Na wjeździe (bez bramy) tablica informująca o parkingu, cenach i godzinach (bardzo podobna do D-44). Urzęduje tutaj parkingowy, kasujący 2zł za godzinę (lub za 4 minuty jak ktoś zdąży pozałatwiać). Przez parking wjeżdża się na jakąś prywatną posesję (chyba piekarnia). Na parkingu nie ma znaków drogowych z wyjątkiem wyznaczenia jednego miejsca dla niepełnosprawnych.

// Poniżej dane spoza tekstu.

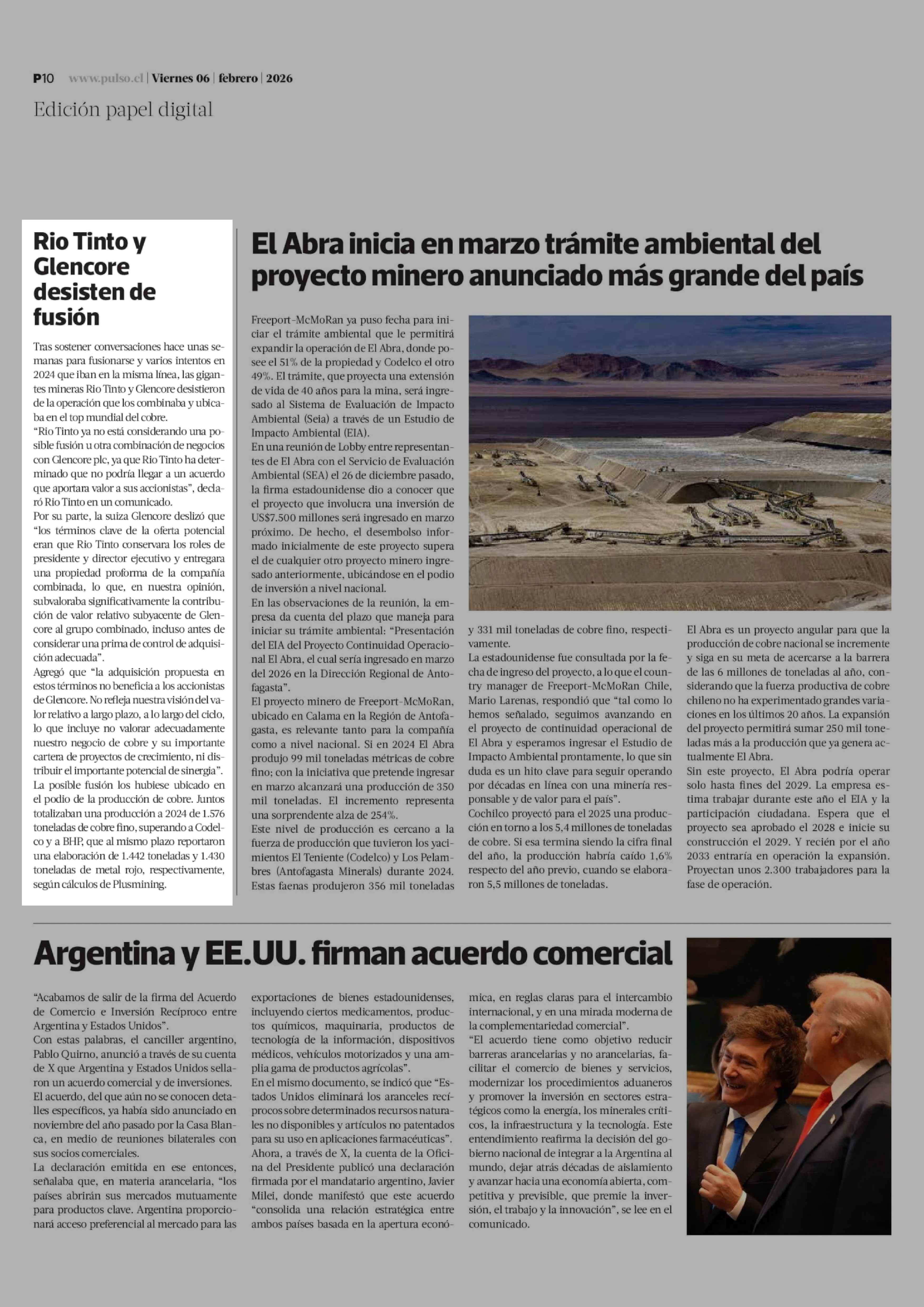 Rio Tinto y Glencore desisten de fusión 06-02-2026 La Tercera |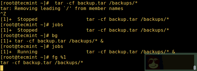 # tar -cf backup.tar /backups/* ### 按下 Ctrl+Z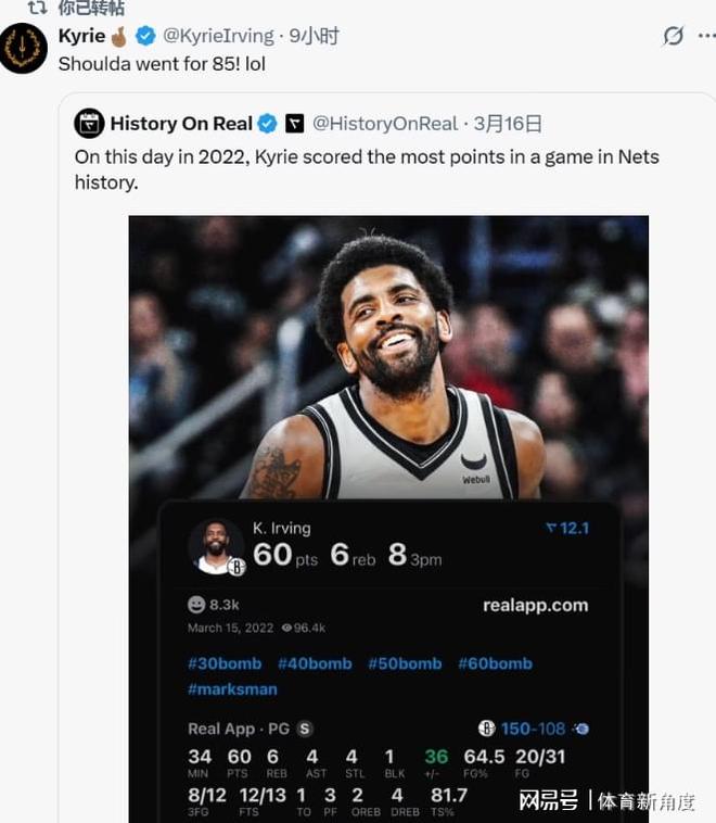 还有一则新闻,乍一看简直像AI杜撰出来的。就在今早,欧文突然在自己的社交媒体上转发了一条四年前自己砍下60+得分的比赛视频。那是在2022年3月16日,当时欧文还是篮网队的一员,在面对魔术队的比赛中,他狂砍60分,还投进8个三分球,摘下6个篮板,这一得分也创下了他个人单场得分的新高。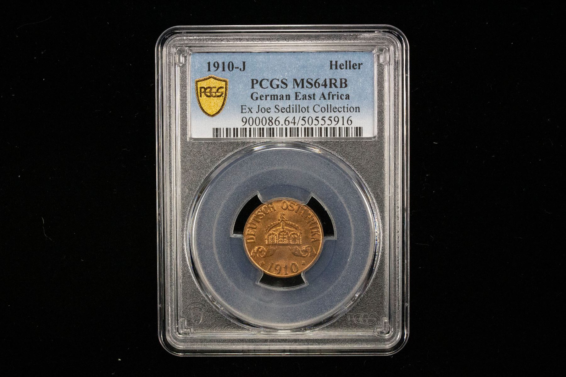 GERMAN EAST AFRICA: Wilhelm II, 1888-1918, AE heller, 1910-J, KM-7, a wonderful mostly red lustrous example! PCGS graded MS64 RB, ex Joe Sedillot Collection.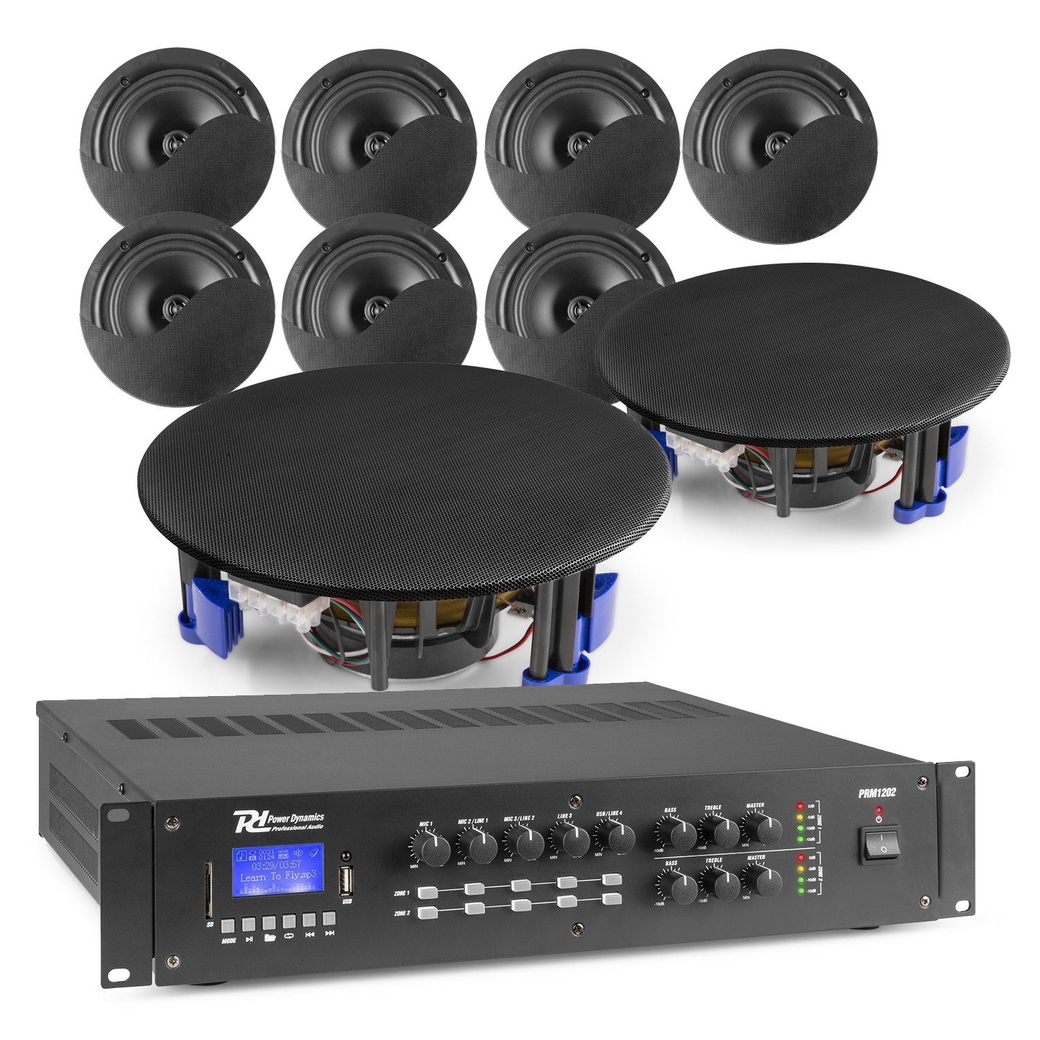 2-Zone Black Ceiling Speaker System Package – 8 x 6.5″ Speakers
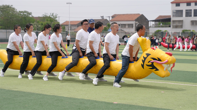 趣味運動會設(shè)置了多個極富趣味性和挑戰(zhàn)性的項目,包括第九套廣播體操、拔河、旱地龍舟、摸石頭過河、螃蟹賽跑等。廣播體操比賽中,各學(xué)校代表隊步伐整齊、動作規(guī)范、精神抖擻,充分展示了教育工作者的良好形象和團隊協(xié)作精神;拔河比賽現(xiàn)場氣氛熱烈,參賽隊員們緊握繩索,齊心協(xié)力,奮力拼搏,場邊的觀眾們也紛紛為自己支持的隊伍吶喊助威,加油聲、歡呼聲此起彼伏,將運動會的氣氛推向了高潮;旱地龍舟項目中,隊員們默契配合,步伐一致,如同真正的龍舟在賽道上飛馳;摸石頭過河、螃蟹賽跑等項目也充滿了歡聲笑語,參賽隊員們在比賽中相互幫助、相互鼓勵,展現(xiàn)了良好的團隊合作精神。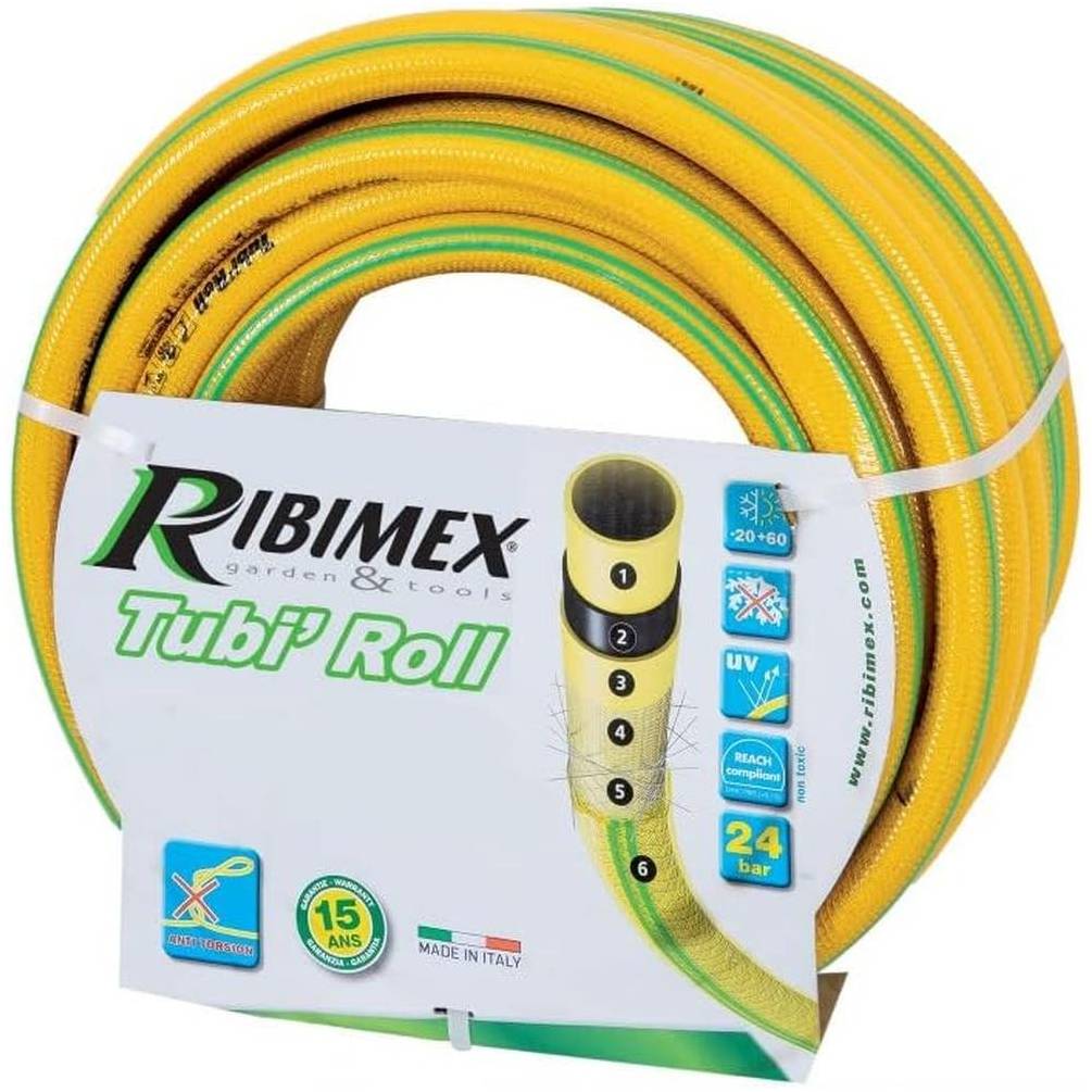 Tuyau d'Arrosage Antivrille 25M Ø15 mm – Jaune, Résistant et Flexible – Idéal pour Jardinage - RIBIMEX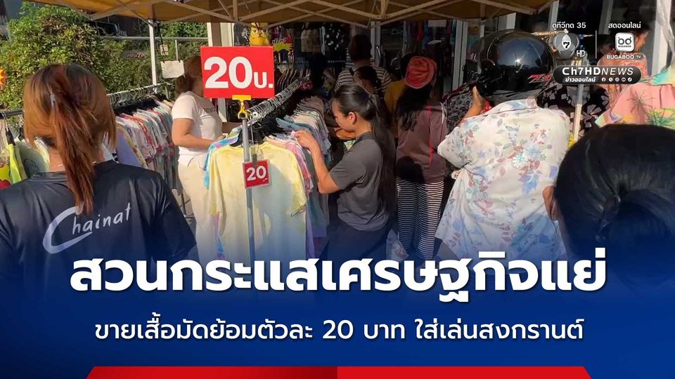 ปรับตัวสู้ยุควิกฤตเศรษฐกิจแย่ ขายเสื้อมัดย้อมเริ่มต้นตัวละ 20 บาท คนแห่ซื้อใส่เล่นน้ำเทศกาลสงกรานต์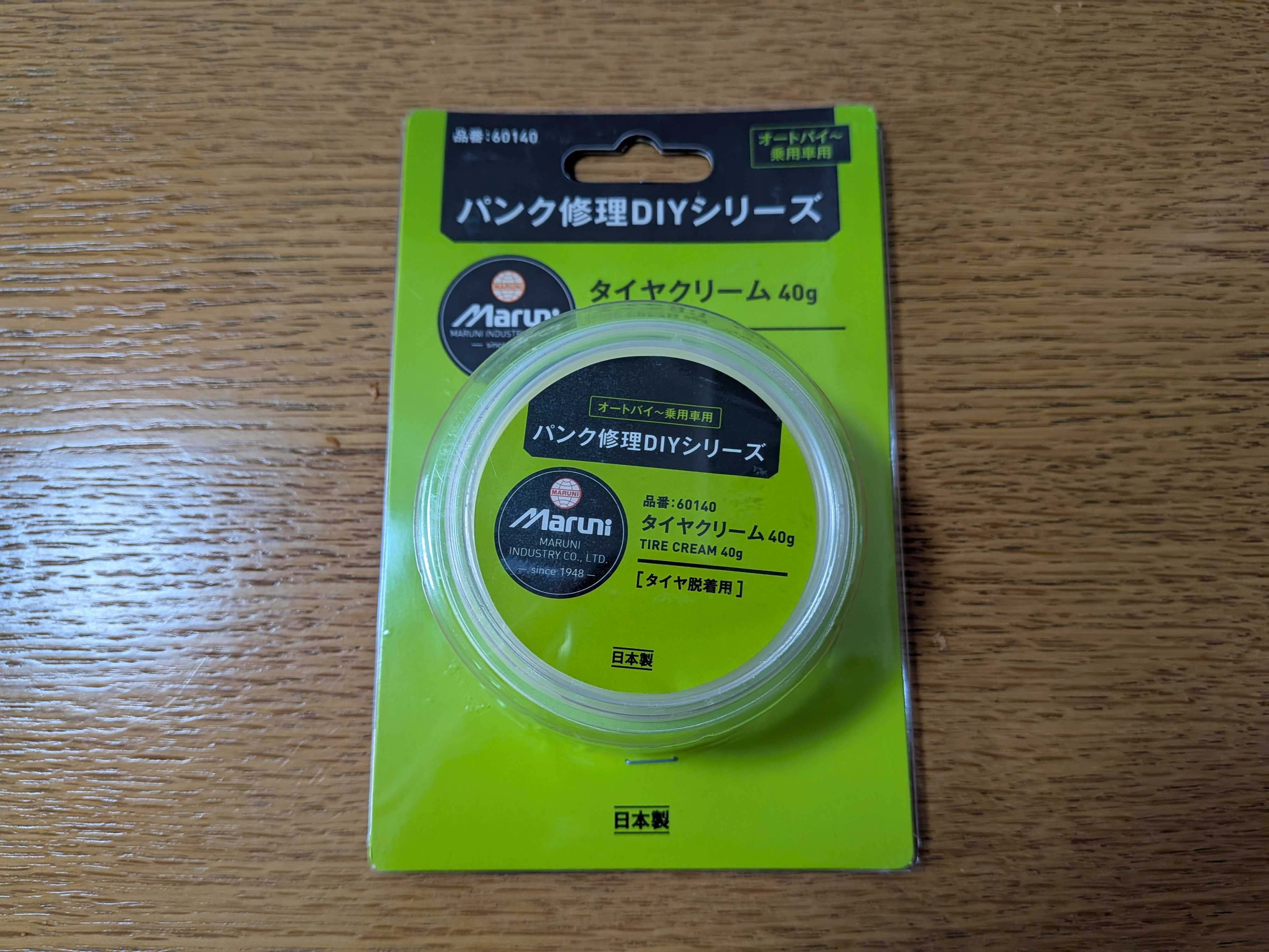 チューブレスタイヤのビードを上げるのは簡単ではないようです。私はそこまで難しいと感じてはいませんでしたが、先日出先でパンクしてチューブを入れたときに、出先でビードを上げるのは無理だと実感しました。チューブレスタイヤにチューブを入れる際の注意点そこでビードワックスの出番です。実はチューブレスタイヤにチューブを入れて使うことについて調べていたら、たまたま見つけました。そして買って使ってみたので、ブログを書きます。ビードワックスとはビードワックスとはタイヤの取り付けを楽にするための道具です。ビードに塗ることで、リムとの摩擦を減らして滑りをよくし、リムに嵌めることを楽にします。そしてビードの滑りがよくなるので、空気を入れてビードを上げるときも空気が入るとともにスムーズにビードが上がります。クルマやオートバイでは一般的に使われており、ホームセンターにも置かれている商品です。そんな便利な商品があるなら試してみたいと思い、ホームセンターに行って買ってきました。私が買ったのは近所のコーナンに置いてあった自動車とオートバイ用の製品です。調べたところ上記の製品を自転車に使っている方もいるみたいなので、買って試してみることにしました。ちなみに上記の緑のパッケージの製品はタイヤクリームと書かれていますが、ダイヤ脱着用とも書かれています。調べたところ、タイヤクリームはタイヤを磨く製品で、ビードワックスはタイヤの脱着に使う製品のようです。よって上記の製品がややこしい表記をしているようです。ちなみに同じマルニというメーカーから、対象に自転車も含むビードワックスも出ているようです。マルニ(Maruni) 工業 タイヤビード部用潤滑剤 ビートワックス40g B.PW-109価格:830円(税込、送料別) (2025/7/6時点) 楽天で購入 他にも黄色いパッケージのものもあるようです。青いパッケージとの違いはちょっと安いことくらいで、説明を読む限りは他の違いは解りません。マルニ(Maruni) タイヤクリーム(ビードワックス) 40g 60140 STRAIGHT/36-775 (STRAIGHT/ストレート) 楽天で購入 チューブレスタイヤの取り付けも楽になった早速ですがパンクしたチューブレスタイヤに裏からパッチを貼って修理しました。チューブレスタイヤの取り付けを行う必要があるので、ビードワックスを急いで買ってきたのでした。ちなみにチューブレスタイヤのパンク修理をパッチでやる方法はこちらを参照してください。チューブレスタイヤのパンク修理をパッチでやってみたまずはチューブレスタイヤのビードにビードワックスを塗っていきます。両側のビードにぐるりと一周塗りましょう。ビードワックスにスポンジが付属してきますので、スポンジにビードワックスを付けて、チューブレスタイヤのビードに塗っていきます。そしたらまずは片側だけリムに嵌めて、リムの溝に落とし込みます。続いてもう片方のビードをリムに嵌めていきます。ここでいつもは最後の方が硬くて嵌めるのが大変なのですが、ビードワックスとゴム手袋で一気に上がりました。思ったよりすんなりとタイヤをリムに取り付けられたので意外でした。取り付け時にも効果があるようです。ちなみに塗った量は軽く表面をコーティングする程度です。べっとりと塗るようなことはしていません。ビードがビックリするほど楽に上がったそしたら次はビードワックスが乾いてしまう前に空気を入れてビードを上げます。最初にバルブを引っ張りましょう。タイヤを嵌めるときはバルブを少し持ち上げた方が楽なのですが、そのままだと空気を入れるときにリムの穴を通って空気が漏れて行ってしまいます。よってバルブをしっかりと引っ張り、リムとバルブの間に隙間ができないようにします。そうした上で空気を入れていきます。驚くべきことに、クリンチャーに空気を入れているかのようにすんなりとビードが上がってしまいました。ビードワックス恐るべしですね。石鹸水とは比べ物にならないほど手間がかからず、まるでクリンチャーに空気を入れるがごとくビードが簡単に上がるなんて、今まで石鹸水でやっていたのは何だったのだろうと思えてきます。こうなるともはや石鹸水には戻れず、ビードワックスを愛用し続けることになるでしょう。ちなみにビードワックスは10分程度で乾くそうです。取り付けからビード上げまで時間がかかってしまった場合は、リムとタイヤの隙間にビードワックスを塗ってあげる必要があるでしょう。またこれだけ楽にビードが上がるのなら、出先でパンクしてチューブを入れる際も安心ですね。出先でビードを上げる方法は、どこかで洗剤や石鹸と水を借りるくらいしかないですから。そしてビードワックスの器は小さいので、サドルバッグに予備チューブとタイヤレバーと一緒に入れておけばいいでしょう。終わりにビードワックスを使ってみて、こんなに便利なものがあることに驚きました。これでもうチューブレスタイ
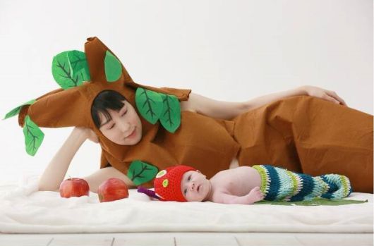 공개된 사진에서 사유리는 사과나무 복장을 하고 있고, 그의 아들은 귀여운 애벌레로 변신해 엄마의 옆에 누워있다. 사유리는 그런 아들을 바라보며 흐뭇하게 웃고 있다.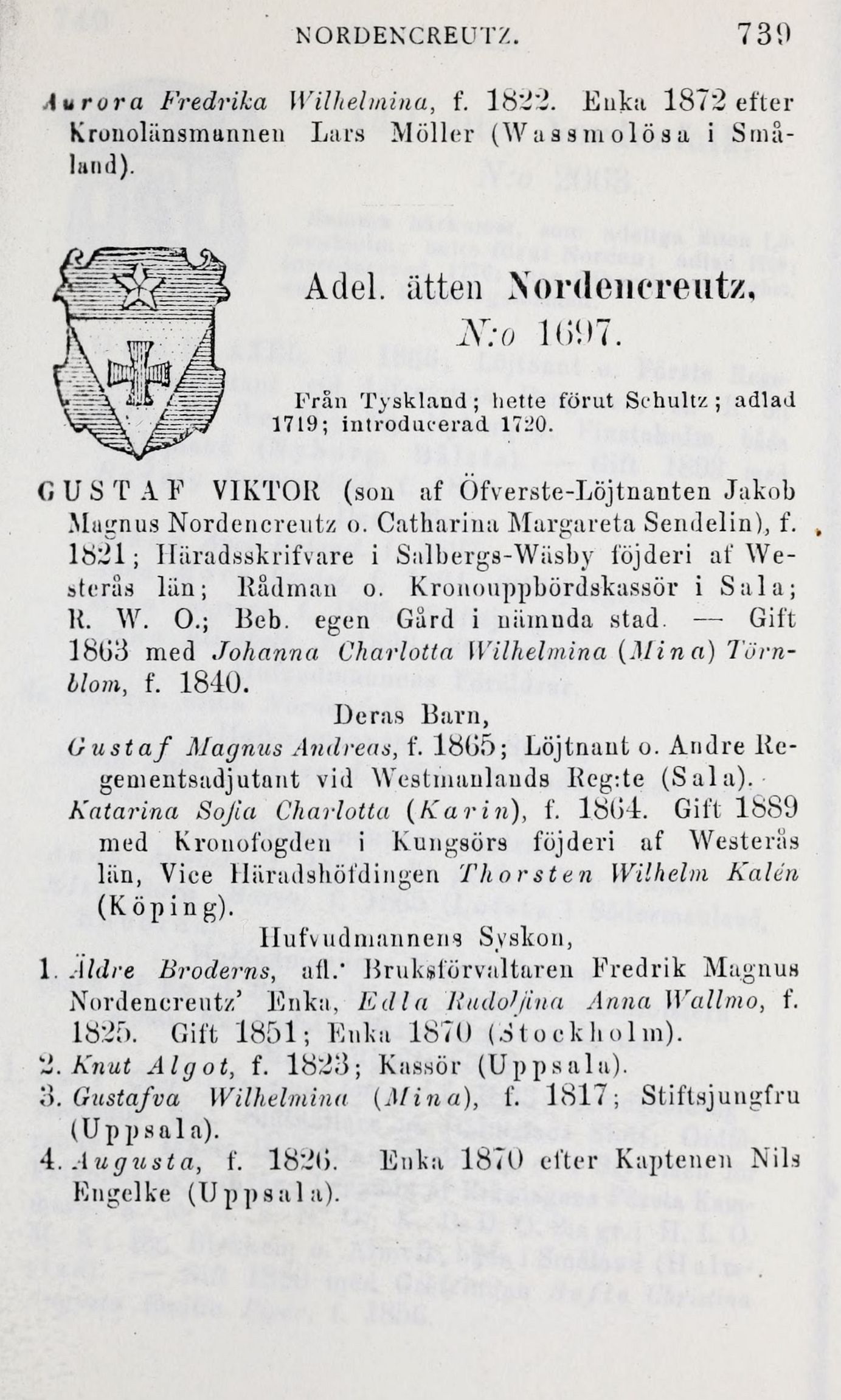 1825. Gift 1851; Enka 1870 (Stockholm).

Zaparkowałem sobie tam, gdzie zielony prostokąt (na pół bramy). Siedziałem w samochodzie, bo akurat podwoziłem siostrę do fryzjera. Nie zapłaciłem ani grosza uzasadniając, iż nie stoję na miejscu przeznaczonym na postój, bo takim nie może być miejsce wjazdu do nieruchomości. Zaczęła się przepychanka słowna :)

- czy pan parkuje?
- na razie się zatrzymałem
- czy pan parkuje?
- tak, za kilkanaście sekund
- 2 zł za godzinę albo proszę opuścić parking
- stoję przy wjeździe do bramy, to nie jest miejsce parkingowe, zna pan przepis na podstawie którego nie mogę tu stać?
- a zna pan przepis na podstawie którego może pan tu stać?
- nie jestem wybitnym konstytucjonalistą, ale powiedzmy że jest to przepis, na podstawie którego ma pan prawo oddychać
- widzi pan ten znak przed bramą? (namalowane ręcznie: "nie zastawiać")
- widzę, ale nie widzę znaku drogowego
- to ma pan problemy ze wzrokiem
- sprawia pan wrażenie osoby z poważniejszymi schorzeniami
- niech pan wjedzie na podwórko albo wyjeżdża
- nie posiada pan uprawnień do kierowania ruchem drogowym ani do wydawania poleceń, jest pan tylko parkingowym więc proponuję wrócić do pracy, miłego dnia
Avatar użytkownika
LeszkoII
 
Posty: 7756
Dołączył(a): niedziela 07 października 2012, 13:53

Re: Jestem frajerem i nie zamierzam płacić 2zł za godzinę.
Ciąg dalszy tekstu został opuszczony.